##### Excerpted data #####
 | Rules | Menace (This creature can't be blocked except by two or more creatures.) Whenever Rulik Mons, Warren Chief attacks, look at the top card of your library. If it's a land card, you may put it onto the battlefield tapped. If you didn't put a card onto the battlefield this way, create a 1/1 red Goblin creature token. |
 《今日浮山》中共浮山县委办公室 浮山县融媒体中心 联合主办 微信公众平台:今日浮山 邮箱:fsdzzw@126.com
#####
##### Excerpted data #####
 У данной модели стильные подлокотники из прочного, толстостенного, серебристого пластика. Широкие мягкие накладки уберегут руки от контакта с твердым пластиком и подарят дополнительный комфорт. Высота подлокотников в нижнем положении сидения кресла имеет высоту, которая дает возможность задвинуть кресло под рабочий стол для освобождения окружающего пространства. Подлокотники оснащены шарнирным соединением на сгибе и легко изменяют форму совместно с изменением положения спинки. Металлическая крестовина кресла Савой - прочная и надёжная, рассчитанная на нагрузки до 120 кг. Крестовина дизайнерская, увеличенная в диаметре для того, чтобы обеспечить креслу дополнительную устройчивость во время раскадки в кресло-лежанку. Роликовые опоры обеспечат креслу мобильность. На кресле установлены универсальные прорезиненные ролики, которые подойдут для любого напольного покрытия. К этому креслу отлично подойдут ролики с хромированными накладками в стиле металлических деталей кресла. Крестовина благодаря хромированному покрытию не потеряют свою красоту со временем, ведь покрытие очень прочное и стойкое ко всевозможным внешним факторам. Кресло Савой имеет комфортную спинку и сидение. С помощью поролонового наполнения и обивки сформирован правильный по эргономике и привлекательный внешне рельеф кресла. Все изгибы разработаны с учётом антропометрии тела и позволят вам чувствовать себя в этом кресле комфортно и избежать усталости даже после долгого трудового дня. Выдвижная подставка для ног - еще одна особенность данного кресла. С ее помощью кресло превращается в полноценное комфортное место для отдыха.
#####
Exercise brief ▸ Within the data above, the lines from the one with "creature token. |" to the one with "联合主办 微信公众平台:今日浮山 邮箱:fsdzzw@126.com" must be repeated exactly; no other line belongs in the answer.

Written response ▸
 | Rules | Menace (This creature can't be blocked except by two or more creatures.) Whenever Rulik Mons, Warren Chief attacks, look at the top card of your library. If it's a land card, you may put it onto the battlefield tapped. If you didn't put a card onto the battlefield this way, create a 1/1 red Goblin creature token. |
 《今日浮山》中共浮山县委办公室 浮山县融媒体中心 联合主办 微信公众平台:今日浮山 邮箱:fsdzzw@126.com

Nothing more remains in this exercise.